Run SystemDS with GPU

This guide covers the GPU hardware and software setup for using SystemDS gpu mode.

Requirements
Linux
Windows
Command-line users
Scala Users
Advanced Configuration
- Using single precision
Training very deep network
- Shadow buffer
- Unified memory allocator

Requirements

Hardware

The following GPUs are supported:

NVIDIA GPU cards with CUDA architectures 5.0, 6.0, 7.0, 7.5, 8.0 and higher than 8.0. For CUDA enabled gpu cards at CUDA GPUs
For GPUs with unsupported CUDA architectures, or to avoid JIT compilation from PTX, or to use difference versions of the NVIDIA libraries, build on Linux from source code.
Release artifacts contain PTX code for the latest supported CUDA architecture.
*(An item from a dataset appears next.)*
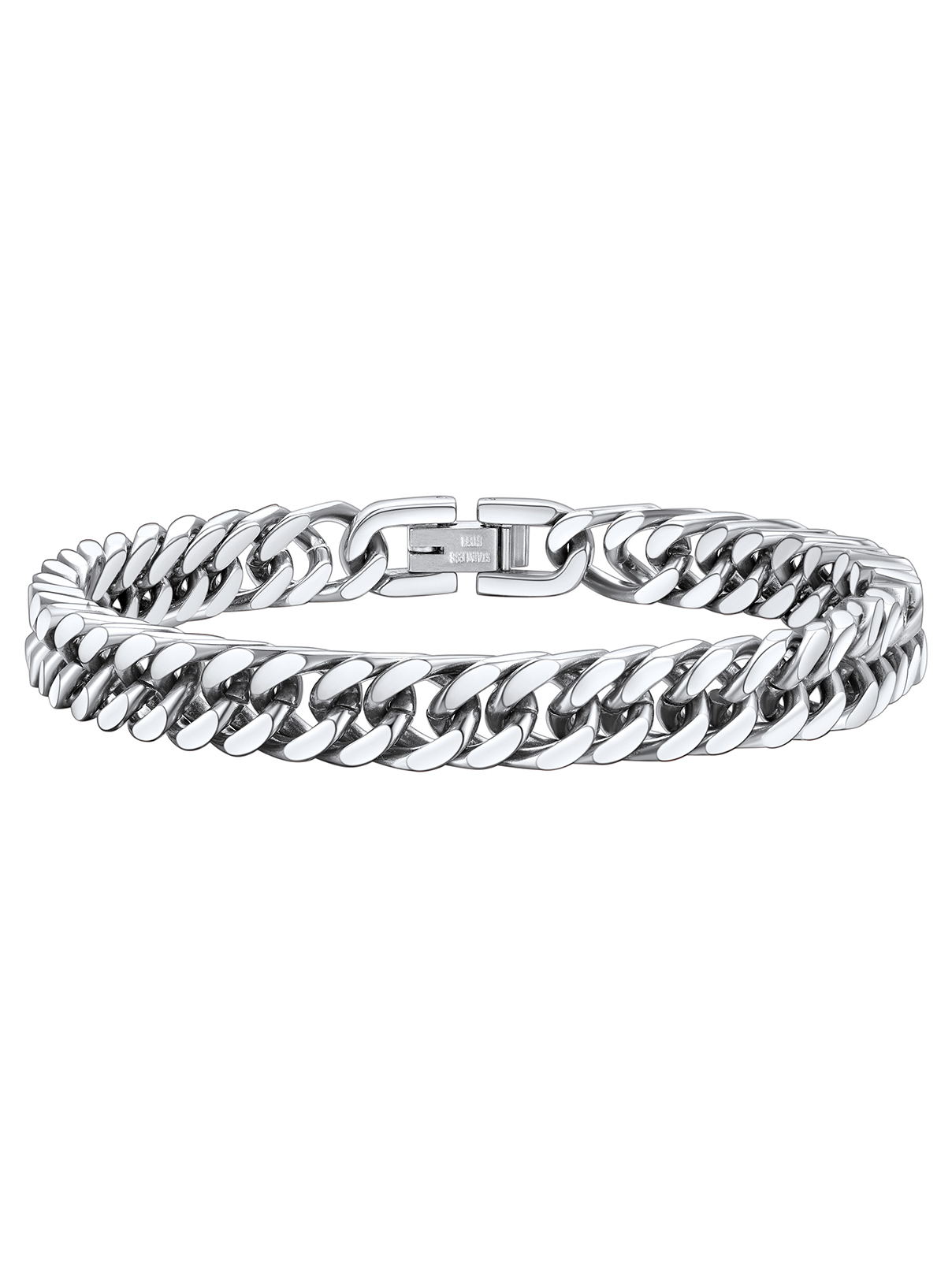 FaithHeart Cuban Curb Link Bracelets for Men Boys, Stainless Steel Chain Wrist Bracelets Hip Hop Jewelry Gifts for Dad Father's Day Christmas 8MM Width

In case your architecture specific PTX is not available enable JIT PTX with instructions compiler driver nvcc GPU Compilation.
For example, with --gpu-code use actual gpu names, --gpu-architecture is the name of virtual compute architecture
```
nvcc SystemDS.cu --gpu-architecture=compute_50 --gpu-code=sm_50,sm_52
```

Note: A disk of minimum size 30 GB is recommended.

A minimum version of 10.2 CUDA toolkit version is recommended, for the following GPUs.

GPU type	Status
NVIDIA T4	Experimental
NVIDIA V100	Experimental
NVIDIA P100	Experimental
NVIDIA P4	Experimental
NVIDIA K80	Tested
NVIDIA A100	Not supported

Software

The following NVIDIA software is required to be installed in your system:

CUDA toolkit

NVIDIA GPU drivers - CUDA 10.2 requires >= 440.33 driver. see CUDA compatibility.
CUDA 10.2
CUDNN 7.x

Linux

One easiest way to install the NVIDIA software is with apt on Ubuntu. For other distributions refer to the CUDA install Linux.

Note: All linux distributions may not support this. you might encounter some problems with driver installations.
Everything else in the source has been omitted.